Vascular dementia is a type of dementia resulting from cerebrovascular disorder. It is not rare that cerebral stroke (infarction or hemorrhage) is followed by typical vascular dementia. There are, however, some patients with vascular dementia who have no preceding episodes of evident cerebrovascular disorder such as stroke or transient cerebral ischemia.
Arteriosclerotic dementia and multiinfarct dementia are terms used for pathological conditions similar to vascular dementia. Although the former term commonly has been used to describe dementing diseases in the elderly, it is very obscure in definition, as if covering every ambiguous dementing condition.

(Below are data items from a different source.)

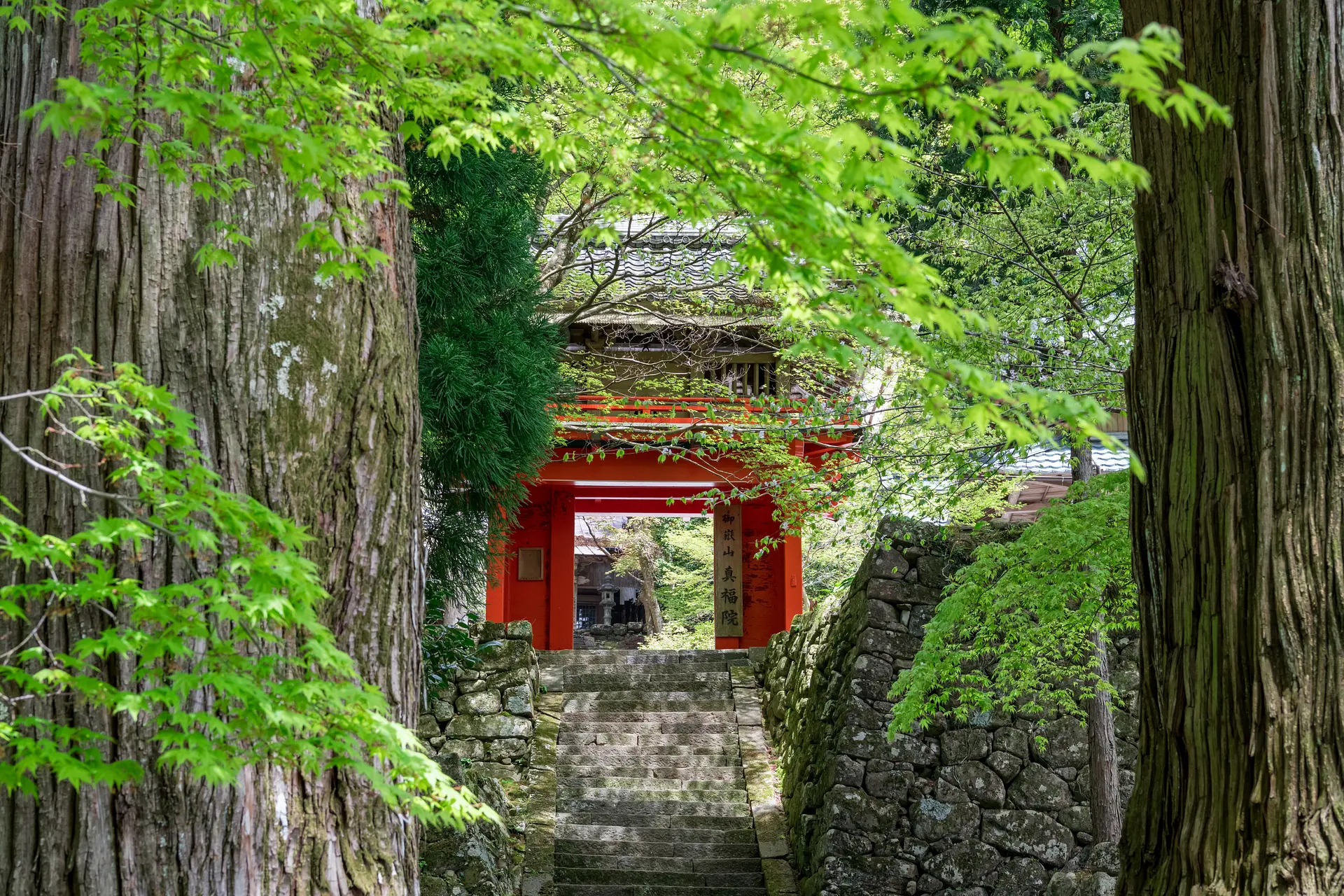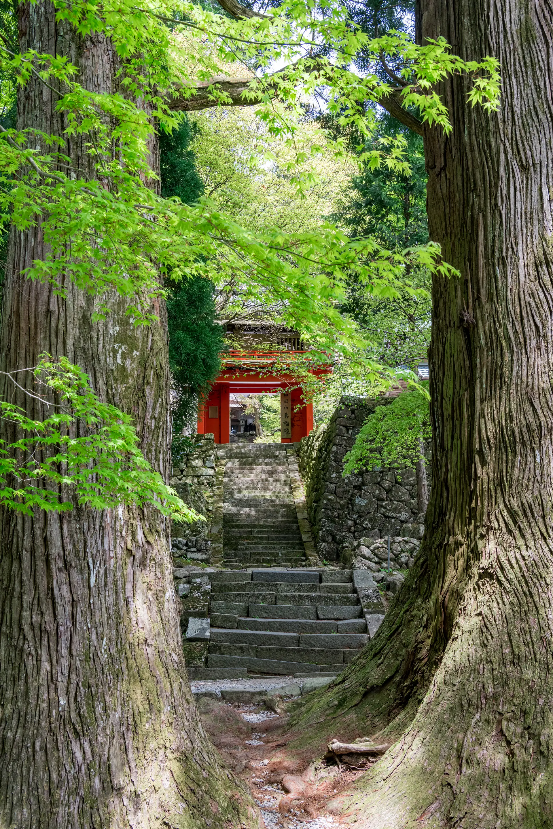 更に進むと、参道の新緑と2本の大杉の間から見える朱山門がとても良い感じです。これからの時期は新緑に朱が映えます。秋の紅葉も絶景間違いなし!最近はinstagram等でもよく見かける様になったポイントですね。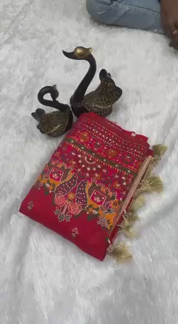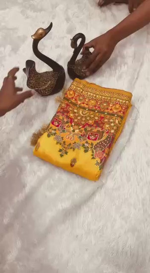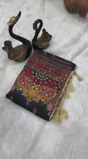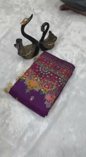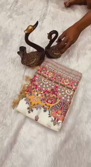 Pure n Soft Rajwadi Pashmina Silk Weaving Saree With Kashmiri Thread Wooven Pallu Having Fancy Tassels With Heavy Rajwadi N Zari Weaving Border With Running Butti Blouse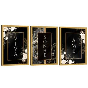 Quadro Decorativo Trio Viva, Sonhe e Ame Moldura Preta - 84x54cm -
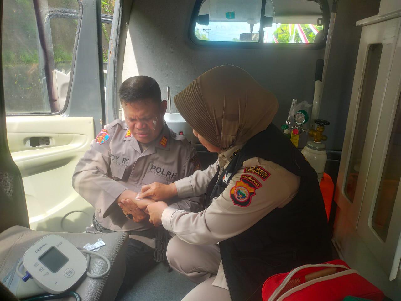 Pelaksanaan unjuk rasa di depan Kantor DPRD Kota Ternate, Kelurahan Kalumata, Senin (1/9) kemarin sempat terjadi ketegangan yang mengakibatkan sejumlah orang mengalami luka-luka dan membutuhkan penanganan medis. Menyikapi hal tersebut, Tim Mobile Urusan Kesehatan (Urkes) Polres Ternate langsung diterjunkan untuk memberikan pertolongan cepat di lokasi.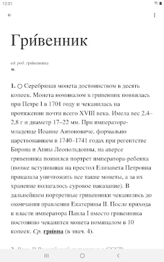 The dictionary connected to the reader contains interpretations of a total of 11,000 non-frequent nouns, the understanding of which is fraught with significant difficulties for modern readers. Each dictionary entry contains, in addition to interpretations, orthoepic, grammatical and etymological information about the word. The dictionary includes two modules.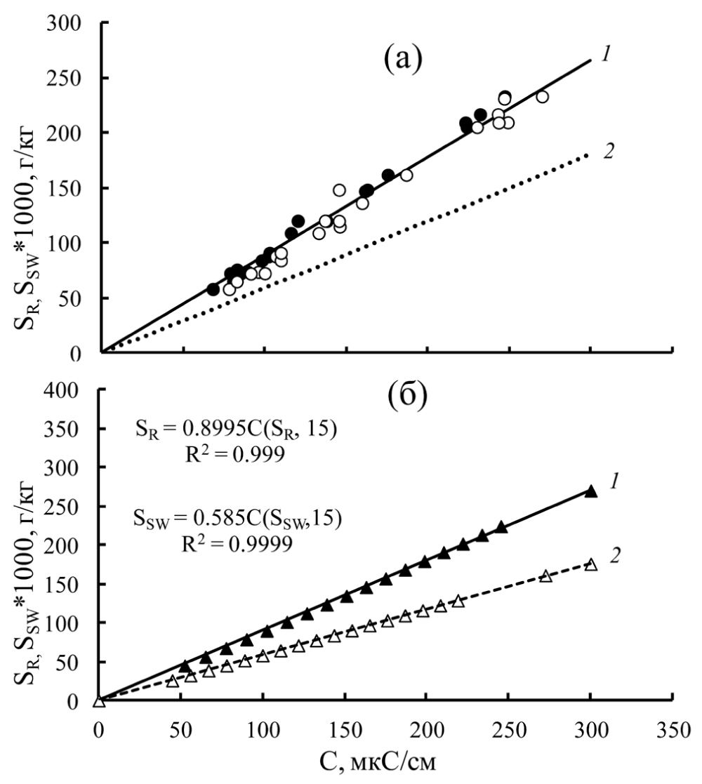 Рис. 2. Зависимость солености: (а) вод р. Раздольной (линия 1), SR, измеренной химическим методом, и морских вод, SSW, рассчитанной по океанографическому алгоритму (линия 2) от приведенной к 15°С удельной электропроводности; черные кружки — измерения электропроводности выполнены зондом, белые кружки — солемером; (б) линия 1 — SR, линия 2 — SSW, рассчитанные по модели [17].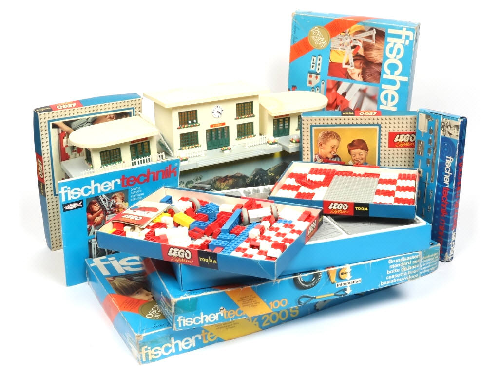 les boîtes sont en états 'b' & 'c' - on y retrouve les marques : LEGO & FISCHER - on y joint une gare en plastique (parties plus ou moins jaunies avec quelques éléments cassés & manquants, boîte en état 'd', système électrique non testé) de la marque GEGE - avec éléments manquants
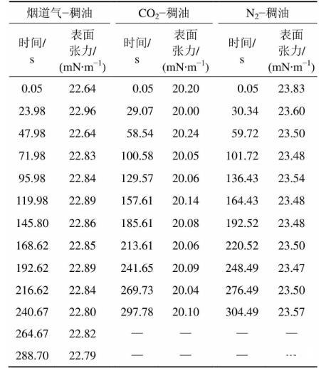 由于煙道氣在原油中具有一定的溶解度,油滴形成后,煙道氣會向原油中擴散、溶解,一直持續(xù)到油滴被煙道氣飽和。為了檢測氣體向原油中溶解、擴散對表面張力的影響,對煙道氣?稠油系統(tǒng)的動態(tài)表面張力進行測定。圖1所示為120℃和4 MPa下測量的煙道氣?稠油動態(tài)表面張力,其中煙道氣組成為80%N2+20%CO2(摩爾分數(shù)),并與CO2?稠油和N2?稠油的表面張力進行對比。由圖1可以看出動態(tài)表面張力的變化可以分為2個階段:第1個階段為波動階段,在氣體擴散的初始階段,動態(tài)表面張力存在一定的波動,約100 s,說明氣體向稠油中擴散會持續(xù)一段時間;第2個階段為平衡階段,氣體?稠油的表面張力波動很小,幾乎是一個常數(shù),在相同的溫度和壓力下,CO2?稠油的表面張力最小,N2?稠油的表面張力最大,煙道氣?稠油的表面張力介于二者之間,表1所示為前300 s稠油與不同氣體作用表面張力的實驗值。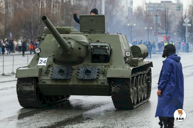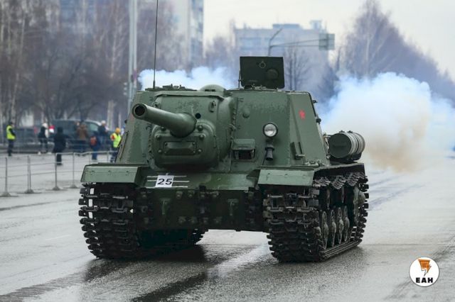 В самом параде примут участие раритетные танки, самоходки, тягачи и автомобили – в том числе Т-34, пятибашенный банк Т-35, созданная на Уралмаше самоходка-истребитель танков СУ-100. В этом году впервые в парадной колонне пройдут тяжелые танки ИС-3 и КВ-1, а также грузовик ЗИС-6 со звукоулавливающей установкой в кузове.
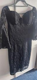 Abito nero in pizzo, maniche a voilat. Taglia S/M Scollo a cuore. Modello elegante

Multiinfarct dementia is a concept proposed in 1974 by Hachinski, Lassen & Marshall, who criticized the existing tendency for dementing disease in the elderly to be overdiagnosed as cerebrovascular dementia. According to Hachinski and colleagues (1974), dementia should be classified in terms of the cause into senile dementia of Alzheimer type and multiinfarct dementia. The former, which is predominant, occurs along with aging changes in the brain, and the latter is caused by cerebrovascular disorder. They stated, on the basis of studies of CBF, that dementia related to cerebral vascular lesions is caused by multiple development of infarcts varying in size, rather than simply by the presence of cerebral arteriosclerosis. This opinion became widely accepted, with an understanding of the concept that the lesion responsible for dementia is not arteriosclerosis itself, but the resultant infarct(s).
Later, however, it was pointed out that cerebrovascular dementia attributable to pathological conditions other than infarction accounts for a substantial proportion of all cases of vascular dementia.